- _EXERCISE OBJECTIVE_
Where pictures appear, omit them, and copy exactly only the lines from the start of the listing through the line containing "Hiện nay, nhà", both included.
=== Begin Enclosure ===
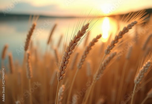 Wheat Field Serenity: Photorealistic Ears of Wheat Reflected on a Lake's Surface in Resinous, Retro Style with Backlighting, Evoking Classic Harvest Time.
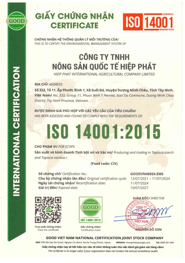Hiện nay, nhà máy Hiệp Phát đạt các chứng nhận quan trọng gồm HACCP, ISO 9001:2015, ISO 14001:2015 và ISO 22000:2018 cho hoạt động sản xuất và kinh doanh tinh bột sắn (mì) công nghiệp.
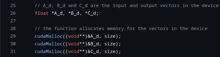 Fortunately, the CUDA programming language provides us with the cudaMalloc
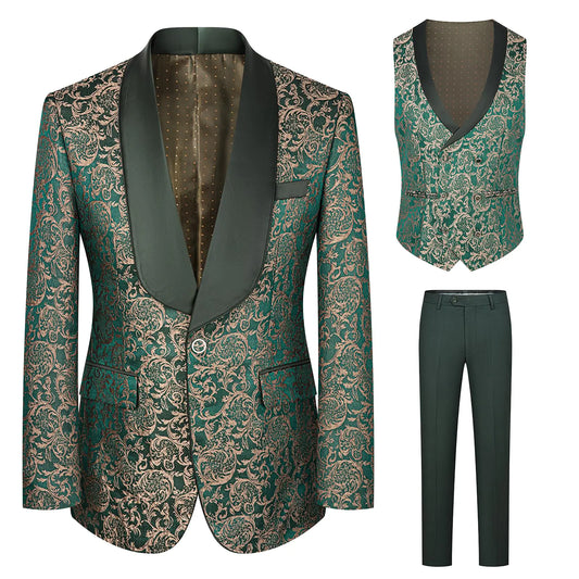 FIXRIMCH Formal Tuxedo Suit for Men Embroidered Paisley Blazer Jacket Vest Pants Set for Wedding PartyDinnerProm Green
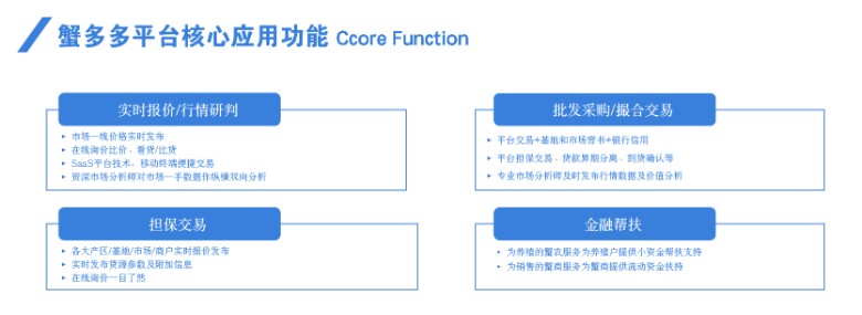平台通过整合以大闸蟹为主,覆盖蟹类全产业链蟹塘、蟹苗、饲料、药品、辅料、商品蟹及蟹黄蟹粉等深加工产品,打通供求信息发布、线上报价撮合成交、担保交易、线下物流、金融帮扶等在内的关键环节,打造以蟹为主的大水产生鲜全产业链型的实时在线的B2P2B综合服务平台。
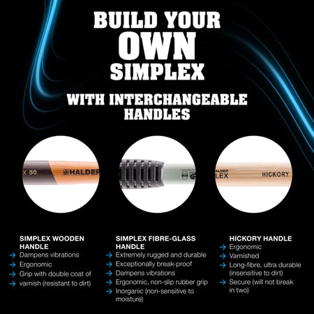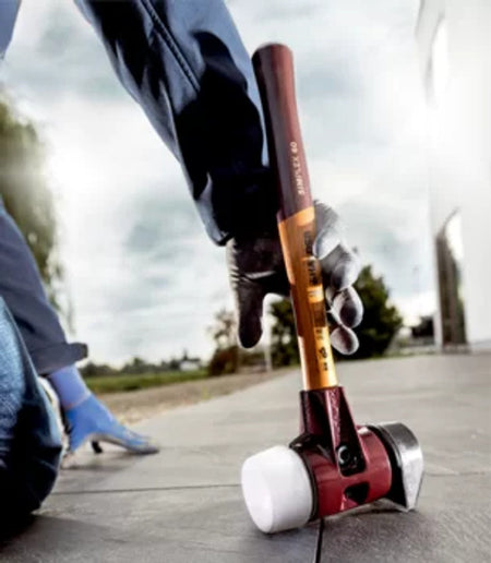The SIMPLEX soft-face mallet D60mm (art. no. 3027.260) with the insert combination of rubber composition / Superplastic is the top seller in Halder's product selection. Boasting an ingenious shape, the rubber insert with “stand-up” allows the hammer to stand securely on its head and reduces the need to bend over, making it possible to work in a much more ergonomic and back-friendly manner. Ultra low-wear, impact cushioning and odourless, the proven rubber blend offers a much longer service life than a conventional rubber hammer. The superplastic insert allows for a more powerful impact force than the rubber insert. All parts can be replaced / retrofitted, which makes it highly efficient and friendly to the environment.
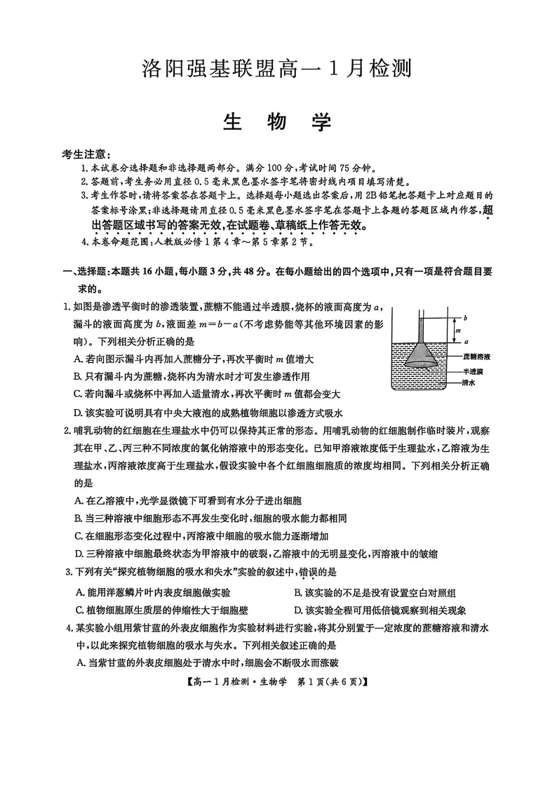高一生物+答案--河南省洛阳市强基联盟2025-2026学年高一上学期1月检测
=== End Enclosure ===
- _RESULT BELOW_
 Wheat Field Serenity: Photorealistic Ears of Wheat Reflected on a Lake's Surface in Resinous, Retro Style with Backlighting, Evoking Classic Harvest Time.
Hiện nay, nhà máy Hiệp Phát đạt các chứng nhận quan trọng gồm HACCP, ISO 9001:2015, ISO 14001:2015 và ISO 22000:2018 cho hoạt động sản xuất và kinh doanh tinh bột sắn (mì) công nghiệp.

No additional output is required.